Data excerpts:
--------------------------------

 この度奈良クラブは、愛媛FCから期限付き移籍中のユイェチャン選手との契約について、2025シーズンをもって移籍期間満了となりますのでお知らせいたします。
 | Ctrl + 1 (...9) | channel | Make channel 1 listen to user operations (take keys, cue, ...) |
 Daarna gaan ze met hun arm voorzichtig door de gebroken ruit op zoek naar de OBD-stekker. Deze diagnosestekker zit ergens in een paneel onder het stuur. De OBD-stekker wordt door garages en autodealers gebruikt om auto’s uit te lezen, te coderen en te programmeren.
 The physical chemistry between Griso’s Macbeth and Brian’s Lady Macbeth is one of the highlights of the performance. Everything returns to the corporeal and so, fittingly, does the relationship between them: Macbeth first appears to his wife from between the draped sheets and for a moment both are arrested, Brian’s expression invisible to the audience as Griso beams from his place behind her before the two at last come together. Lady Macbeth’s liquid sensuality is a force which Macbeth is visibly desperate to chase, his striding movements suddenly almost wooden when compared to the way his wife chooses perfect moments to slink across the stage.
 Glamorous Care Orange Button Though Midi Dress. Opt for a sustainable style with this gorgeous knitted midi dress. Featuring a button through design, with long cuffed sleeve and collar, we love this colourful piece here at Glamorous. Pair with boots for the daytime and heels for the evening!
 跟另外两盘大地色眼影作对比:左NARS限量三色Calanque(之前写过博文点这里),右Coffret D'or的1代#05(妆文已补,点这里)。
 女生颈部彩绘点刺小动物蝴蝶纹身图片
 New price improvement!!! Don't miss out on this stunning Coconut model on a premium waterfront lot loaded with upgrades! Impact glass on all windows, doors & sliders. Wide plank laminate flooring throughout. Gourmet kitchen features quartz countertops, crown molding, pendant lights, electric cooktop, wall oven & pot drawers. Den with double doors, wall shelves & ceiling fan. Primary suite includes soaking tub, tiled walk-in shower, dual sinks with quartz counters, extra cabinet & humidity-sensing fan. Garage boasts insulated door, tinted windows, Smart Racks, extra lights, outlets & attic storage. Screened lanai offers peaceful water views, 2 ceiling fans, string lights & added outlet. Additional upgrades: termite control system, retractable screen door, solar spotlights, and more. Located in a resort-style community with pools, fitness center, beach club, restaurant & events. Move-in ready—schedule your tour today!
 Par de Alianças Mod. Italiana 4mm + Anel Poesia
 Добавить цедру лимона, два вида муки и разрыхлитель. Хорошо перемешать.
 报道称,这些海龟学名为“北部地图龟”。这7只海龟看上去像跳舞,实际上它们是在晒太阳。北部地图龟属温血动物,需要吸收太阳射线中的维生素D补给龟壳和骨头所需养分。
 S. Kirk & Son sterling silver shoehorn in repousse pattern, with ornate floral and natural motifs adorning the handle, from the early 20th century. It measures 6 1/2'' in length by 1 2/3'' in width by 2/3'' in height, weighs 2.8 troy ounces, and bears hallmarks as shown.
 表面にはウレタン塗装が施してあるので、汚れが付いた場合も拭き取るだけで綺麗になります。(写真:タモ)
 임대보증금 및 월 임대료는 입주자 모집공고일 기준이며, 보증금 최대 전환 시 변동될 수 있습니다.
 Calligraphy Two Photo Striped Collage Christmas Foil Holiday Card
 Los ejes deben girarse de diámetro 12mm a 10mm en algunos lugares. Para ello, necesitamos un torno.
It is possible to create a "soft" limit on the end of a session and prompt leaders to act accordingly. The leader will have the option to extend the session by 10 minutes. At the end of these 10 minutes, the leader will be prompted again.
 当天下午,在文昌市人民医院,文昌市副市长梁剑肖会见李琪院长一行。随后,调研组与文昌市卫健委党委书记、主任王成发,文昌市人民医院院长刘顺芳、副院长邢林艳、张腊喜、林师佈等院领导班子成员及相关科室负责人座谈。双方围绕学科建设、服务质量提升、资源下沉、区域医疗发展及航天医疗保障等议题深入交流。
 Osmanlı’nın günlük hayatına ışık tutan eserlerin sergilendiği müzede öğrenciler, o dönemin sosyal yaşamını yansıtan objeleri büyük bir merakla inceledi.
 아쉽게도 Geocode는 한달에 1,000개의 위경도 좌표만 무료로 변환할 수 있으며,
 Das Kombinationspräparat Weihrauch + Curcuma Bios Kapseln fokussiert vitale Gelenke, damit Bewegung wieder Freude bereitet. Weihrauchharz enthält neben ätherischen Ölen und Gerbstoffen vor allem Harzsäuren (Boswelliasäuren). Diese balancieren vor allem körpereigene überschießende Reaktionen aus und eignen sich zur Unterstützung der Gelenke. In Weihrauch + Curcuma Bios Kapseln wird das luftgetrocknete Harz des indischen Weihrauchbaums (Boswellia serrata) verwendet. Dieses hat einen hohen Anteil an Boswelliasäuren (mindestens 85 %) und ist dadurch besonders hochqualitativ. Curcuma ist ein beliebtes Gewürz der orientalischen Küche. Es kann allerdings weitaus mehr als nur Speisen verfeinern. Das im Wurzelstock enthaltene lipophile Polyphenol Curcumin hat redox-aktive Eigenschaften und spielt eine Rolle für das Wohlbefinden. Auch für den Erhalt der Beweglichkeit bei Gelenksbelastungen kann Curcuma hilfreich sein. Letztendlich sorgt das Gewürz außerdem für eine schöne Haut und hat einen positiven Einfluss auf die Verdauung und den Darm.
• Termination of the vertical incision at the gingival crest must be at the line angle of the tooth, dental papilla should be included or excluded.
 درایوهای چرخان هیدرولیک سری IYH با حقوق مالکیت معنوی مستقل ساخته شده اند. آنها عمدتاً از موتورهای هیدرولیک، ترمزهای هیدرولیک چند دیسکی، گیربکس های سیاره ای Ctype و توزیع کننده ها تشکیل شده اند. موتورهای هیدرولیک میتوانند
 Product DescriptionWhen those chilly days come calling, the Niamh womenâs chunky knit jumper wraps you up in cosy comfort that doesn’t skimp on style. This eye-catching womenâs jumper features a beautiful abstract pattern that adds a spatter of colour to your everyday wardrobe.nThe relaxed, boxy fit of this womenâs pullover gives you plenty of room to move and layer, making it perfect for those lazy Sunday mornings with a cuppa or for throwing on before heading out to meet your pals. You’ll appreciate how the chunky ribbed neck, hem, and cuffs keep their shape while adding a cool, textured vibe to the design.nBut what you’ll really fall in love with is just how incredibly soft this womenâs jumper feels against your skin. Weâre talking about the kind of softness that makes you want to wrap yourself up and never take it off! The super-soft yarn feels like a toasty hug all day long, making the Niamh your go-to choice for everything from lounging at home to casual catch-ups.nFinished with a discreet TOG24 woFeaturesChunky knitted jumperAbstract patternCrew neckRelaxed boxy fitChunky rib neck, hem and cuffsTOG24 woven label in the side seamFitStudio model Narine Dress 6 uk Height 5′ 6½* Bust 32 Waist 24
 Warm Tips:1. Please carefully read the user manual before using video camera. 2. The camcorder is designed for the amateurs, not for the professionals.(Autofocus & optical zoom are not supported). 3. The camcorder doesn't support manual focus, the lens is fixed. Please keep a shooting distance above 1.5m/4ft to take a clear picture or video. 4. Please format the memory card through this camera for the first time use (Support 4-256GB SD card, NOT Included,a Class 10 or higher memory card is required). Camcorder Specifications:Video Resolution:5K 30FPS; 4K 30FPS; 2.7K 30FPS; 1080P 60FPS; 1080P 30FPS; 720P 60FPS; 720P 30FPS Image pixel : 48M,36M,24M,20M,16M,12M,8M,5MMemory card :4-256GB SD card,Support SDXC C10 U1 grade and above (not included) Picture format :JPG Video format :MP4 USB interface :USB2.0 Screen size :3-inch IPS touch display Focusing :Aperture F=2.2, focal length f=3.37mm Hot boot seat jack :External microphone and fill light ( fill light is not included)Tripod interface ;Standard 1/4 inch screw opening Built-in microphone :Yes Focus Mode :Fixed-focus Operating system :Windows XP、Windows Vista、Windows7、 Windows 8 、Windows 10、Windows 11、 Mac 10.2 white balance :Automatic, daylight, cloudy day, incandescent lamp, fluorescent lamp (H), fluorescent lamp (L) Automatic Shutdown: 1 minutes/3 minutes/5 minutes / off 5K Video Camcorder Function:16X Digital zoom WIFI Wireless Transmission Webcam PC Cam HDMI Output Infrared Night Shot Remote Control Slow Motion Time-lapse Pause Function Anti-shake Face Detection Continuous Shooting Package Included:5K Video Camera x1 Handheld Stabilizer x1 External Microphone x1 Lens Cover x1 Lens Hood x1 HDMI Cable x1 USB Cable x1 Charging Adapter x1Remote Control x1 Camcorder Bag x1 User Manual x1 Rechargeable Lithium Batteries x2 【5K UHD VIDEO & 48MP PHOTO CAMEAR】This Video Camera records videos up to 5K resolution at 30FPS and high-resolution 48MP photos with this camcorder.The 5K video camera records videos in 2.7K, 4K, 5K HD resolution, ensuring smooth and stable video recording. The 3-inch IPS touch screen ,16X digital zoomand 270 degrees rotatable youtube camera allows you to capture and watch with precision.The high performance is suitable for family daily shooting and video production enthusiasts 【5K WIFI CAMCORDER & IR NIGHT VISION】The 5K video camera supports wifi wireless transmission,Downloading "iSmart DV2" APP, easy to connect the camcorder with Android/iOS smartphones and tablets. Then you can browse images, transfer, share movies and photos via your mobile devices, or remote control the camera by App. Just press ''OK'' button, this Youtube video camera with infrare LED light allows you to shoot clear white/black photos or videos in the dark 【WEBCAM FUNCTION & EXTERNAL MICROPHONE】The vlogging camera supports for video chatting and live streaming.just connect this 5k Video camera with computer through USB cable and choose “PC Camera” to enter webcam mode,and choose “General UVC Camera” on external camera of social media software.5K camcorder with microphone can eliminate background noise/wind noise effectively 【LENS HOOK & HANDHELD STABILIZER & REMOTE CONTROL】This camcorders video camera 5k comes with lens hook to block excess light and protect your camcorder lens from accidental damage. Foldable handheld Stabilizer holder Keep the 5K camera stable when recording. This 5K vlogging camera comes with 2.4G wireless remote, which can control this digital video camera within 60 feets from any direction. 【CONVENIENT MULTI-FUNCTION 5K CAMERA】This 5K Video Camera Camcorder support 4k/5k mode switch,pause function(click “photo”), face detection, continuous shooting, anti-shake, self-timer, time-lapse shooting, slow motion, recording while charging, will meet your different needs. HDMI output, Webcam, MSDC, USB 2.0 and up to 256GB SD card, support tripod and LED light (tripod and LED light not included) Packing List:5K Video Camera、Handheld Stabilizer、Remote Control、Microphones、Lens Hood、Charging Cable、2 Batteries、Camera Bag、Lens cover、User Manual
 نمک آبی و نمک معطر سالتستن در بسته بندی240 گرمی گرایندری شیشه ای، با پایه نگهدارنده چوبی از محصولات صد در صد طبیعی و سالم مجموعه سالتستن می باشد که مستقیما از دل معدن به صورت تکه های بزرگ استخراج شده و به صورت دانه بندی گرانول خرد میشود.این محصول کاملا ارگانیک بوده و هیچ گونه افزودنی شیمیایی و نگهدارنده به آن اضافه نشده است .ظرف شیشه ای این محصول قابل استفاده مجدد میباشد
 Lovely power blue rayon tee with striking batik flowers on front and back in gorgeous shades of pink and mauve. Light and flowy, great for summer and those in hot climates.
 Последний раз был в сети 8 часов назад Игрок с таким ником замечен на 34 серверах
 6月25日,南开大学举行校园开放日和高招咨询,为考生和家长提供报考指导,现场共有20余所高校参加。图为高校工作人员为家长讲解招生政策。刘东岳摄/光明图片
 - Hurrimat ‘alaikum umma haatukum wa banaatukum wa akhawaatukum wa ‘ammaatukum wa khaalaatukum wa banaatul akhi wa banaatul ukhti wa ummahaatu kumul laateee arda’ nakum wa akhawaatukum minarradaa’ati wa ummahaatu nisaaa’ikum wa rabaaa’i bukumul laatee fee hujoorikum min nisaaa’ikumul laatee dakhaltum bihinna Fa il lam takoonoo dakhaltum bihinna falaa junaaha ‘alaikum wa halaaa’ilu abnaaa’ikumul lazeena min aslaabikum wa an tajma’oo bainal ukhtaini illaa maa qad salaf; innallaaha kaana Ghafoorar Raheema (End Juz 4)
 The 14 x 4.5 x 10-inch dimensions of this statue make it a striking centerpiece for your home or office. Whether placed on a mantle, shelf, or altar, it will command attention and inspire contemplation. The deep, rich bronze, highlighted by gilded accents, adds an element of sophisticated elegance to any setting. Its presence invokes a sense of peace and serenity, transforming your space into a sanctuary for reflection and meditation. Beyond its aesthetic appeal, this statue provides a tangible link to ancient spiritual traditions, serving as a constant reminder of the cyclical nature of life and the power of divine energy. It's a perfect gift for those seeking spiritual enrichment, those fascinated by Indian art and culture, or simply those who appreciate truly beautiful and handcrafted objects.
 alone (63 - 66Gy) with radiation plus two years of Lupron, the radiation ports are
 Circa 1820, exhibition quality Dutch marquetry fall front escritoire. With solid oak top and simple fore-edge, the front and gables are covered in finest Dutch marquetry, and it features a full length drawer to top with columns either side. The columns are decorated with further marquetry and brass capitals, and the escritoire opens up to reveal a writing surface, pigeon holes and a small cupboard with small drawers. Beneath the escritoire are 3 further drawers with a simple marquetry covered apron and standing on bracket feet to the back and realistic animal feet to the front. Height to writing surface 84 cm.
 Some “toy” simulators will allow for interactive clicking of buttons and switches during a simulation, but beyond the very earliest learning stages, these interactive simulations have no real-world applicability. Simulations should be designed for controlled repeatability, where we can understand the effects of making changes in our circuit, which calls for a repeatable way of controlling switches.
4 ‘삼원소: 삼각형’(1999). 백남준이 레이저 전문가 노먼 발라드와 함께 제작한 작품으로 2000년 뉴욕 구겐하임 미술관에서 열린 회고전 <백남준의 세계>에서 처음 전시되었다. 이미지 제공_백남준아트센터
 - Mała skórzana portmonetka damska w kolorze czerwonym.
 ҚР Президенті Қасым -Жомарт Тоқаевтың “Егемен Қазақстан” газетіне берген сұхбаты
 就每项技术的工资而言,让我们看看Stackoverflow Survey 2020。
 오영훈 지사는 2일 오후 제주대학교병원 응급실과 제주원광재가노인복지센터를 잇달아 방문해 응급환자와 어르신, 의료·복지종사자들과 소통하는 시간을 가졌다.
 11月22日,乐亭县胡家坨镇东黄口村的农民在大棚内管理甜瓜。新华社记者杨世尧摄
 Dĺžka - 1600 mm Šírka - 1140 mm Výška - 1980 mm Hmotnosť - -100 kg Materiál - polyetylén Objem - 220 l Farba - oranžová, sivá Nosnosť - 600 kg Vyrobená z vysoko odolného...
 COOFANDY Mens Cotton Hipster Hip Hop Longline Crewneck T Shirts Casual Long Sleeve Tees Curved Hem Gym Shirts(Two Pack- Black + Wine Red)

--------------------------------

Exercise details -
Return, word for word, every line from the line with "- Mała skórzana" to the final line of the data.

Response to the task -
 - Mała skórzana portmonetka damska w kolorze czerwonym.
 ҚР Президенті Қасым -Жомарт Тоқаевтың “Егемен Қазақстан” газетіне берген сұхбаты
 就每项技术的工资而言,让我们看看Stackoverflow Survey 2020。
 오영훈 지사는 2일 오후 제주대학교병원 응급실과 제주원광재가노인복지센터를 잇달아 방문해 응급환자와 어르신, 의료·복지종사자들과 소통하는 시간을 가졌다.
 11月22日,乐亭县胡家坨镇东黄口村的农民在大棚内管理甜瓜。新华社记者杨世尧摄
 Dĺžka - 1600 mm Šírka - 1140 mm Výška - 1980 mm Hmotnosť - -100 kg Materiál - polyetylén Objem - 220 l Farba - oranžová, sivá Nosnosť - 600 kg Vyrobená z vysoko odolného...
 COOFANDY Mens Cotton Hipster Hip Hop Longline Crewneck T Shirts Casual Long Sleeve Tees Curved Hem Gym Shirts(Two Pack- Black + Wine Red)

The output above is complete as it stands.